Lawrence, who grew up in Area VII and moved east in 2023, knew firsthand how access and logistics could shape a young rider’s journey. As a teen she split time between western and eastern Washington to reach trainers and competitions, and later gravitated to jumpers while staying close to eventing’s community ethos. When she arrived in the Tryon region—rich in horse activity but with eventers spread across many barns—she saw how IEL could stitch the geography together.
“Riders didn’t have to give up their own trainers, commit to every competition, or attend a fixed number of practices,” she explained. “That flexibility was exactly why we could form a real team across distances and schedules. Riders kept their home base—and gained a second home in the Collective.”

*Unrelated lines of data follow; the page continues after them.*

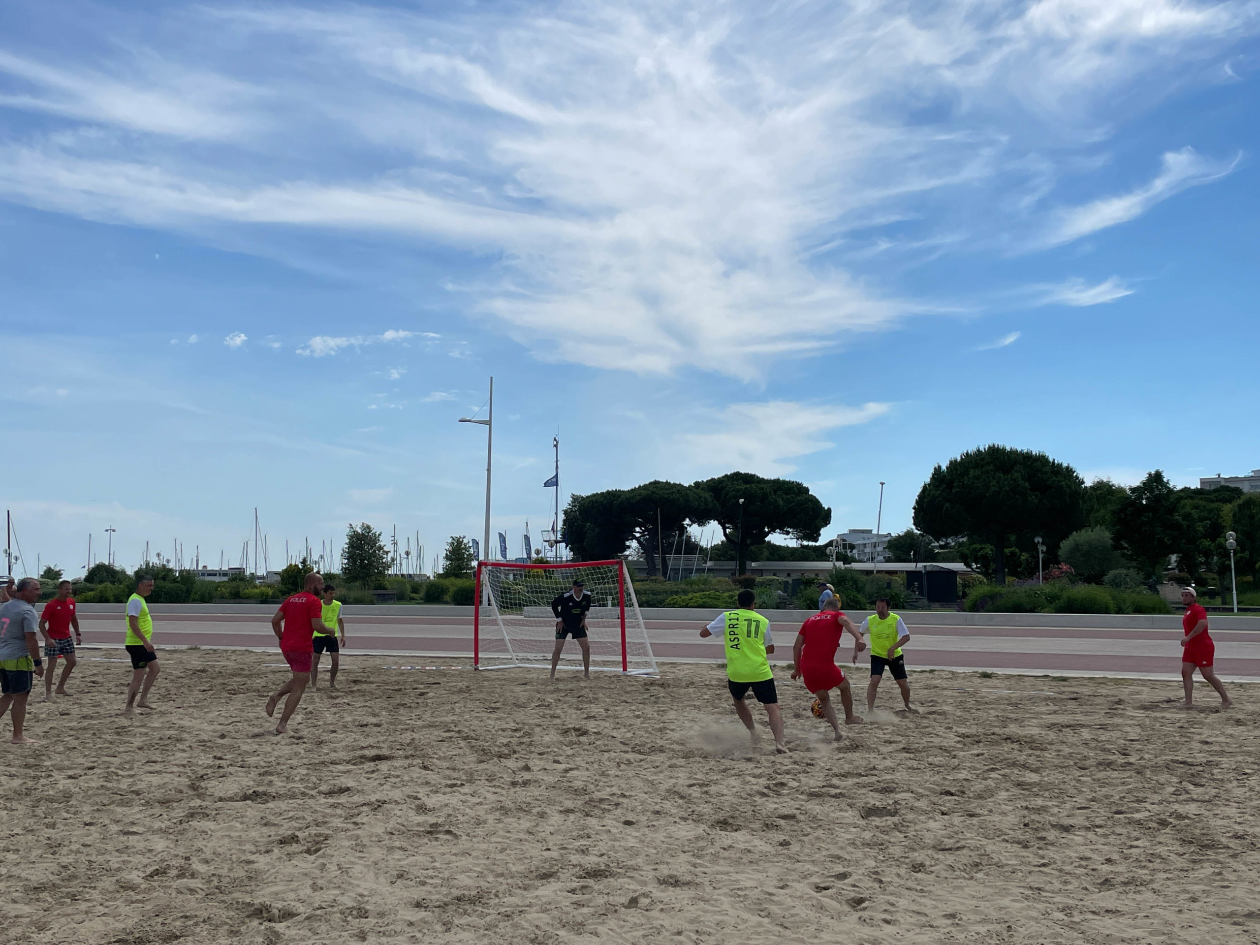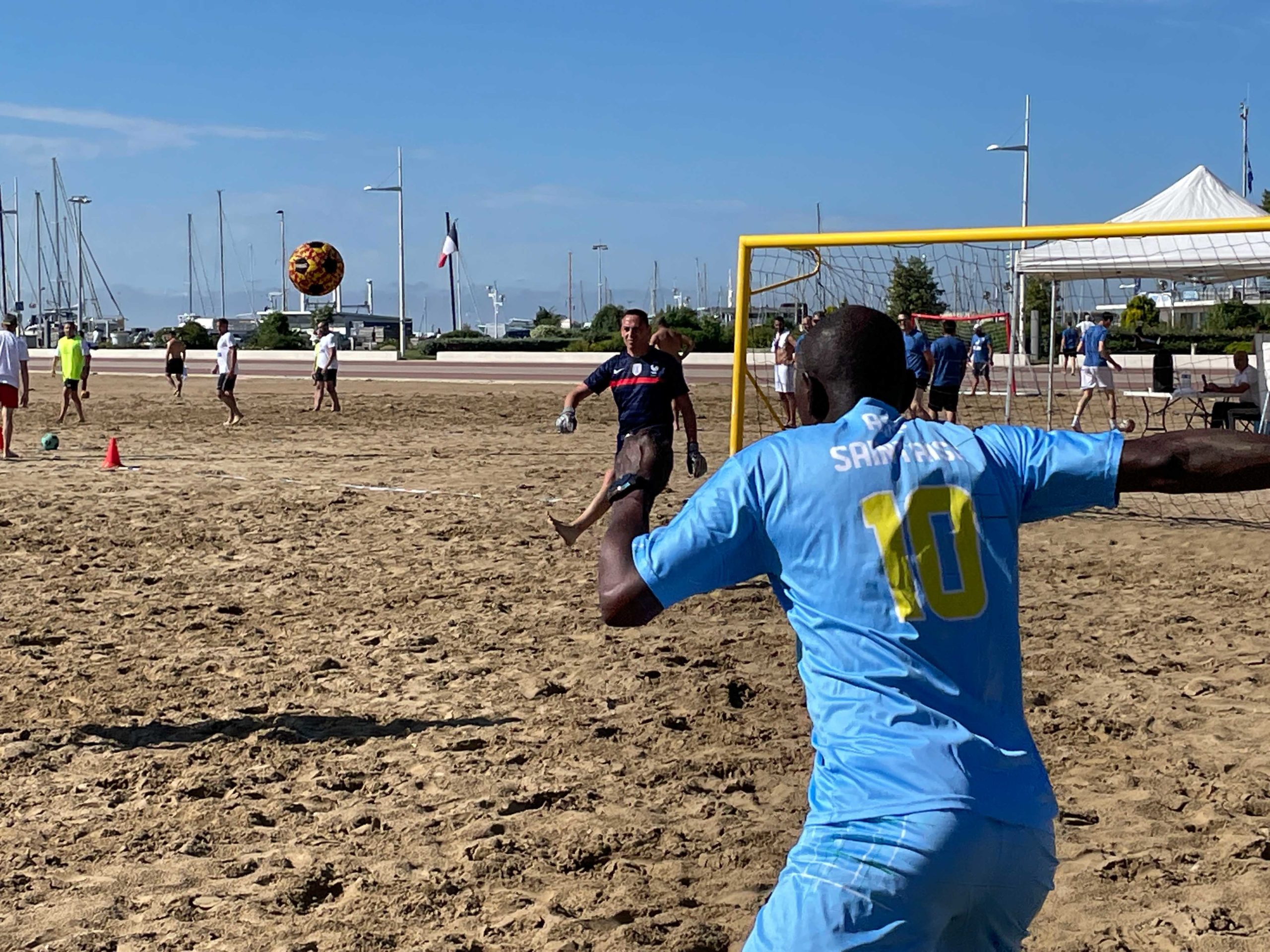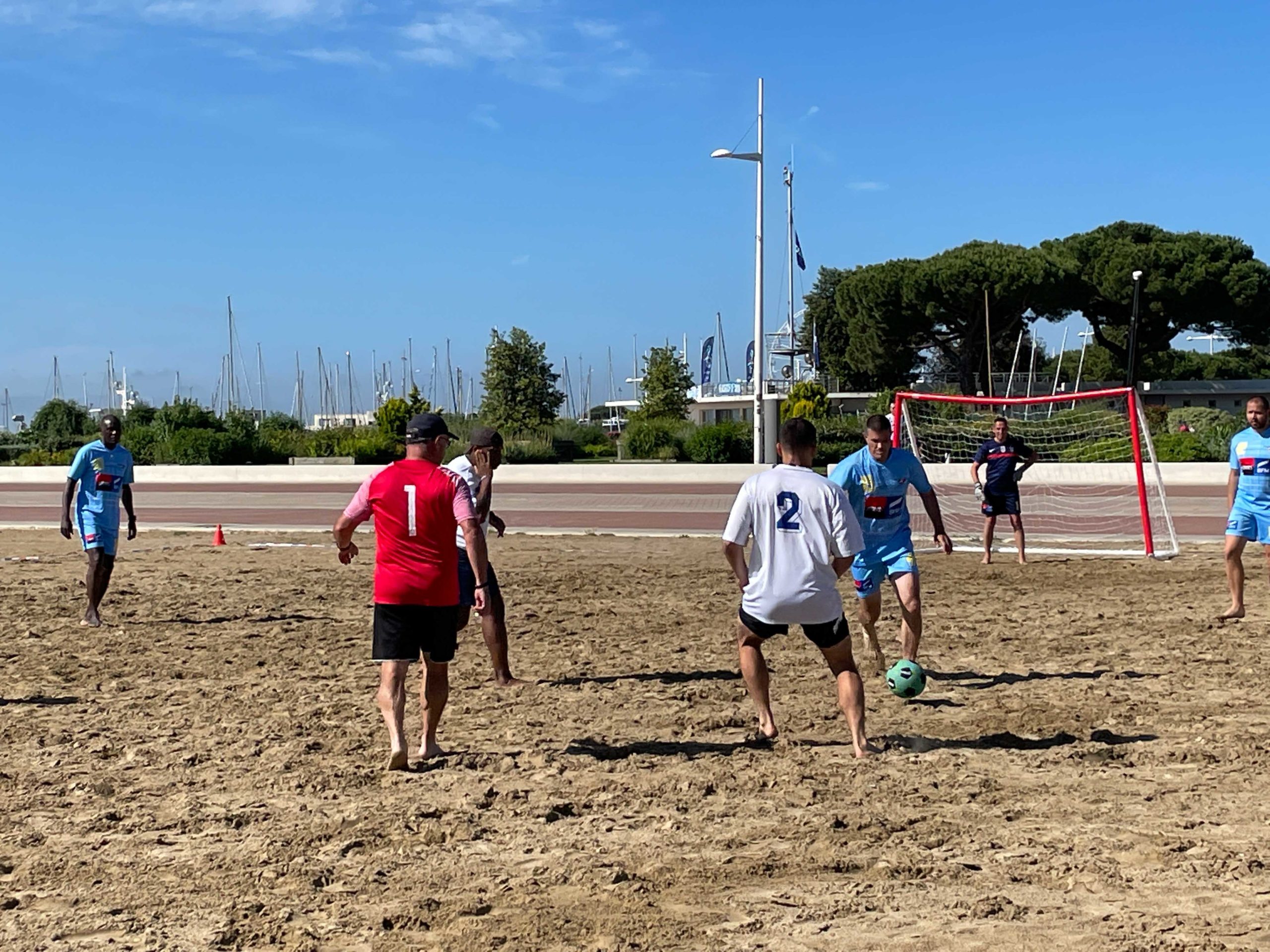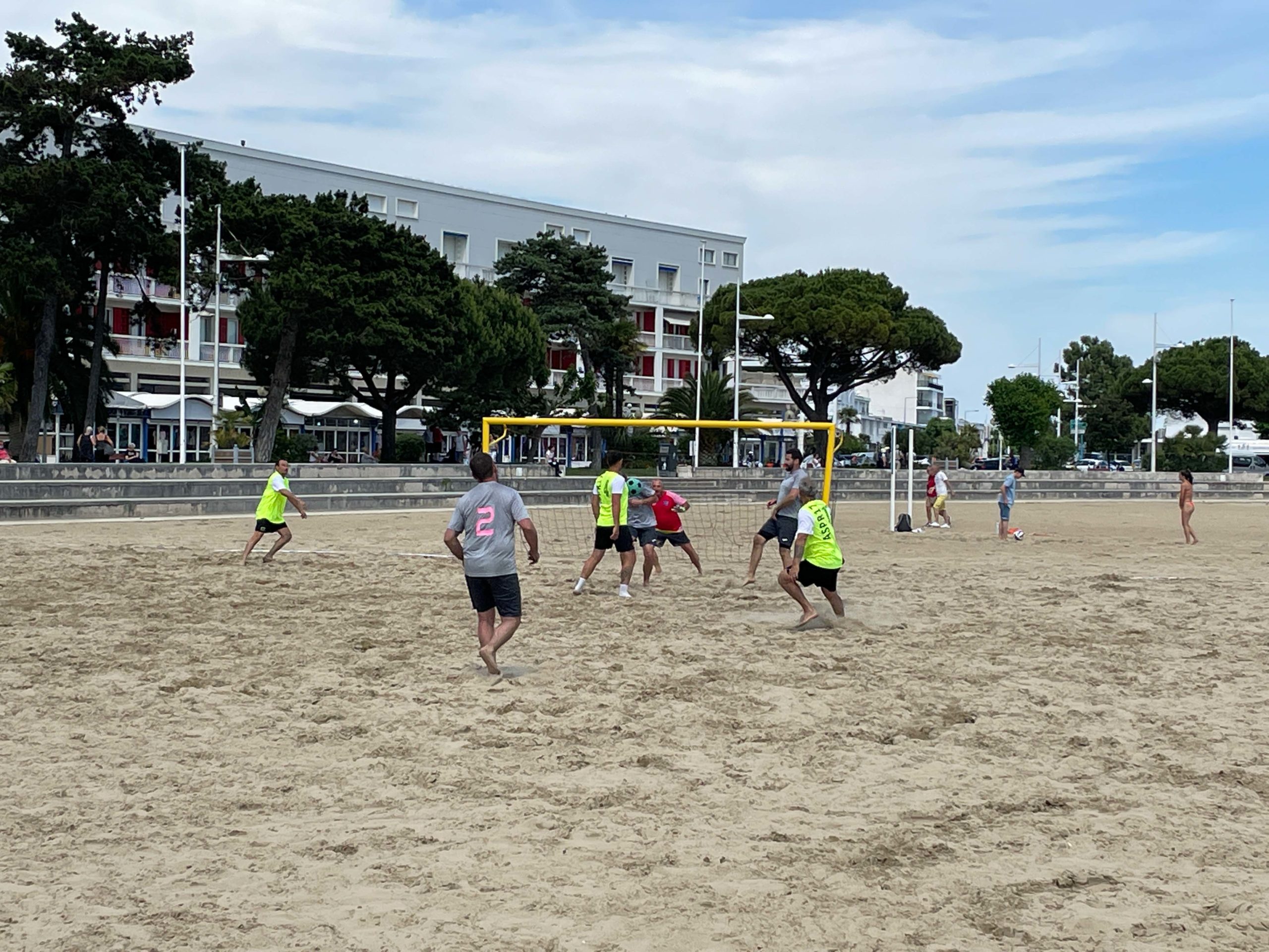C’est sur une plage magnifique de Royan que ce sont affronté une dizaine d’équipe de la Ligue dans un tournoi de Beach Soccer sous un soleil de plomb, mais heureusement la mer n’était pas loi et certains sont aller faire trempette sur les petits temps de pose.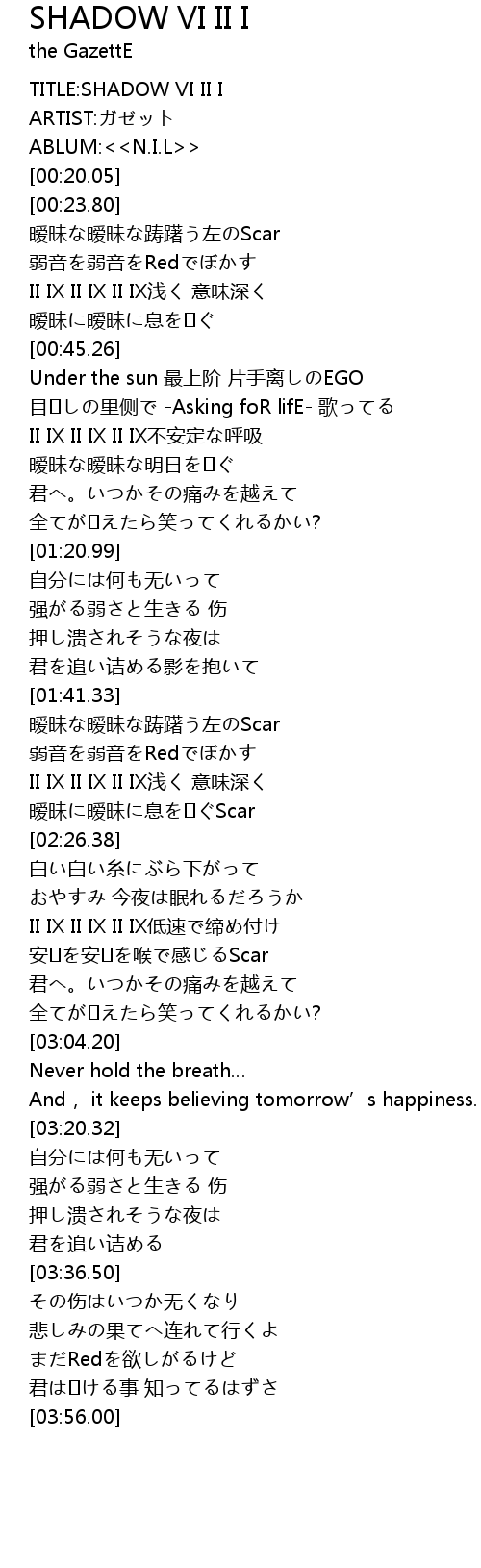 | [00:04.11] | TITLE:SHADOW VI II I |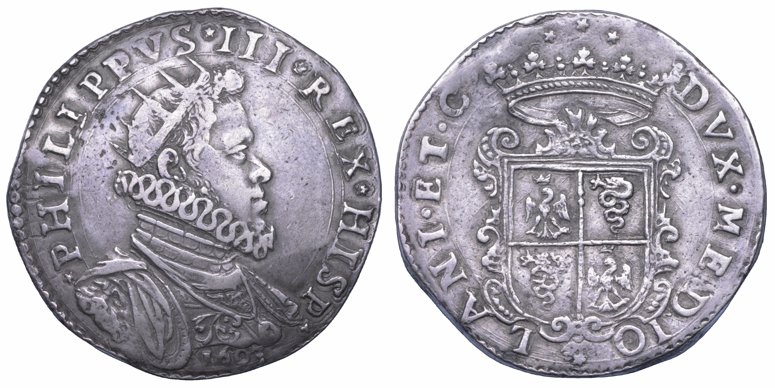 PHILIPPVS III REX HISP Busto a d. corazzato con testa radiata; goletta con colletto pieghettato e sul petto il Collare del Toson d’oro. Sotto il busto, 1603. R/ DVX MEDIO LA NI ET C Stemma coronato inquartato con l’aquila e la biscia e sormontato da corona. Sopra la corona tre stelle; sotto una stella. Crippa, 4/A-B. MIR. 340/3-4 Estremamente rara. g. 31,74. Diam. mm. 40,70. Arg. BB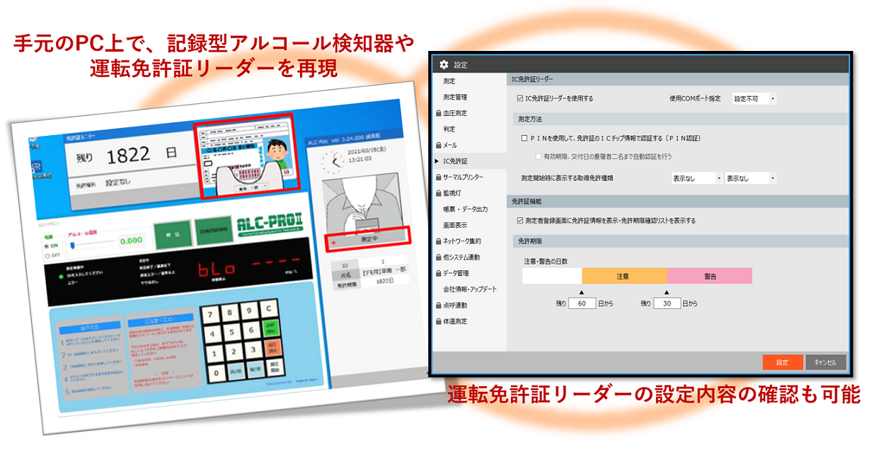 本アプリはアルコール測定器本体「ALC-PROⅡ」実機なしで、あたかも実機があるかのようにアルコール測定を体験できるアプリケーションとなっております。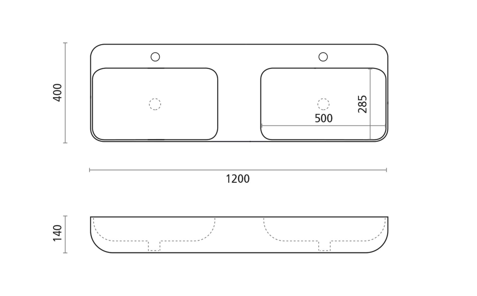 Un lavabo rectangular en solid surface con doble poza, pensado para instalación sobre encimera. Combina resistencia, pureza de líneas y una estética contemporánea ideal para proyectos contract.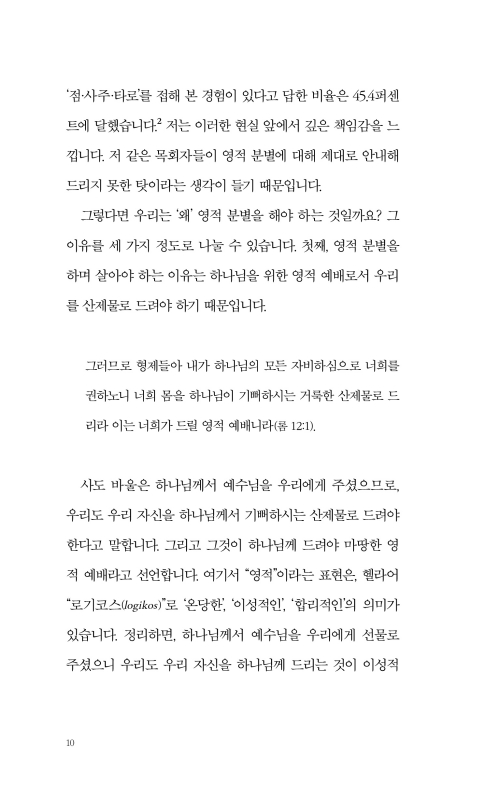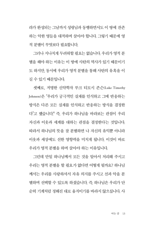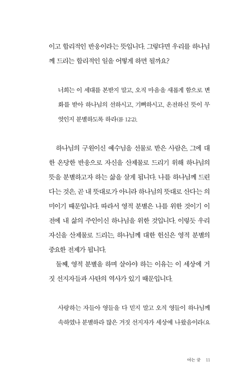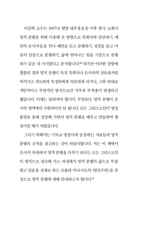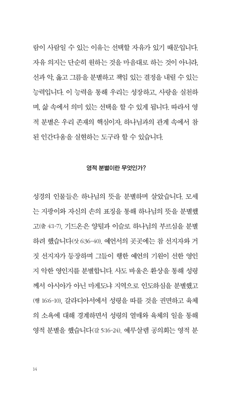 저자는 영적 분별이 특정 은사자의 전유물이 아니라, 모든 그리스도인이 마땅히 추구해야 할 영적 훈련임을 강조합니다. 사도 바울이 권면한 대로, 영적 분별은 "하나님을 위한 영적 예배"이자, "악한 영의 유혹을 이기는 방패"이며, "나와 세상을 향한 선한 영향력"을 미치는 길입니다. 또한 이는 하나님께서 주신 "자유 의지"를 사용해 선과 악을 분별하고 책임있는 결정을 내림으로써 "참된 인간다움을 실현하는 도구"가 됩니다.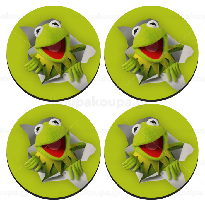 Kermit the frog, SET of 4 round wooden coasters (9cm)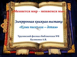 Электронная книжная выставка 'Коми писатели – детям' направлена на воспитание любви к чтению и патриотизму среди детей, знакомя их с произведениями коми писателей. Документ описывает творческую деятельность авторов, таких как Пантелеймон Образцов и Елена Козлова, и их вклад в детскую литературу. Выставка предлагает читателям уникальное путешествие в мир коми литературы и культуры через стихи и рассказы, отражающие красоту родного края и детские переживания.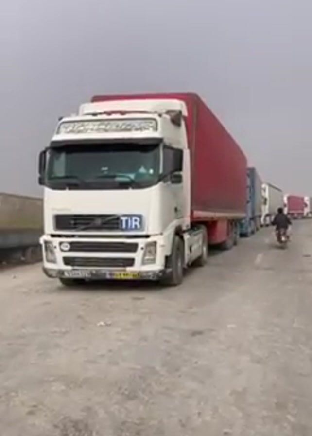 line of semi-trucks parked on the side of a road. The trucks are of various colors, including white, red, and blue. The road is dusty and lined with streetlights. A man on a motorcycle rides alongside the trucks. The sky is overcast and hazy. The vehicles appear to be in Iran, given the license plate of the front truck. The weather is windy.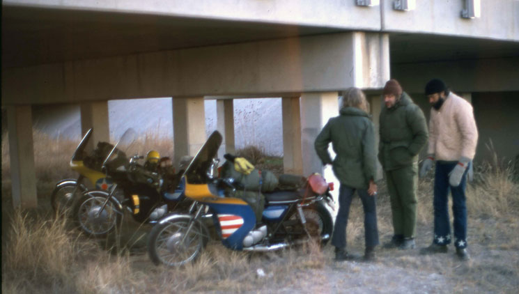 | We enjoyed life on the road... camping out, sleeping under bridges, etc. Up to then, the weather had been balmy, most unusual for the dead of winter. Soon after we left Houston, however, it rapidly became cold and wet. By the time we passed Little Rock, we were not happy. Worse, the forecast was for 7° above zero in Illinois. We had no choice but to go on. Crossing into Illinois, the north wind picked up and we began to freeze. It was in the low 20s and beginning to snow. We were dressed the best we knew how, in army surplus military clothing. After all, didn’t the military have the best equipment? The big barracks bag on my tank was stuffed with everything needed for two weeks, and it helped to keep me warm. My goose down jacket over a military OD wool sweater worked pretty well too. Our Vetter Phantom fairings did a good job in keeping the cold wind off us. However, my wool military liners inside welder’s gauntlets were not up to the freezing wind. My hands were getting cold. As a young designer, I had come to learn: “It is easy to solve a problem once you identify the problem” The problem was cold hands. The cold wind was taking the heat from my hands. The solution was to create a still-air insulating space around my hands so the wind could not take my heat away. How would I do that? More important, how would I do it right now, on the road when I needed it?I was carrying my military goose-down mummy sleeping bag, which, was insulated and wind resistant. It was rolled up, stowed away, doing nothing. I imagined how it could be formed in front of me to provide pockets for my hands and arms to slip into. At the next gas stop, I bought a roll of duct tape and went to work, which was hard with cold, non-working hands. I shaped the ends of the bag into pockets around the controls and my hands. I made openings just big enough to put my arms into so no air could get in. Then I duct taped the sleeping bag into place. | ||||||||||||||||||||||||||||||||||||||||||||||||||||||||||

That structure invited a broader mix of athletes: a collection of middle school and high school riders. It also unlocked organic mentorship. When Mary Hampton Cottingham joined the team that spring, she was a high school senior. Younger teammates suddenly had a living blueprint for balancing school and sport—and a glimpse of what intercollegiate riding could look like down the road. That fall, Cottingham received a grant from the Tryon Riding & Hunt Club and took the next step herself, joining the intercollegiate eventing team at Auburn University.
“I first heard about the IEL team through my trainer, who had seen a post, maybe on Facebook,” Cottingham said. “As soon as I heard about it, I wanted to be involved. I had planned on joining an eventing team in college, so being able to participate on an IEL team beforehand felt like the perfect opportunity. I also really wanted to be part of the team environment. Riding is such an individual sport, but that changes when you’re part of a team; it makes the experience even more meaningful.”
“Peer-to-peer support is different,” Lawrence said. “Parents can encourage all day, but when an older teammate is the one walking you through studs or sending you back to the barn with a plan, it sticks.”
The Collective’s first official outing came at Stable View (Aiken, South Carolina) in January, where 13-year-old Lila Apple and her Thoroughbred Toujours Prêt (Mysterious Peintre x Hot Like Me) represented the brand-new team as its sole rider. “Sarah had just submitted all the paperwork, and there was an opening at the event,” recalled Apple’s mother, Brandi Apple. “She was like, ‘Great, I’ve got a rider!’ ”
By March, the full roster was on the scene at Southern Pines in North Carolina—“our first true all-squad moment,” as Lawrence put it. For Cottingham, it was also her debut with the team. “It was the first time I met Sarah and the younger girls on the team,” she remembered. “I was a little concerned about working with a new trainer for the first time at a show, but Sarah was so respectful and tactful. Instead of trying to change everything, she focused on small corrections that really helped us improve. That made a huge difference.”
From there the team rolled to FENCE in nearby Tryon, North Carolina, then continued into a busy spring and early summer of events across Areas II and III.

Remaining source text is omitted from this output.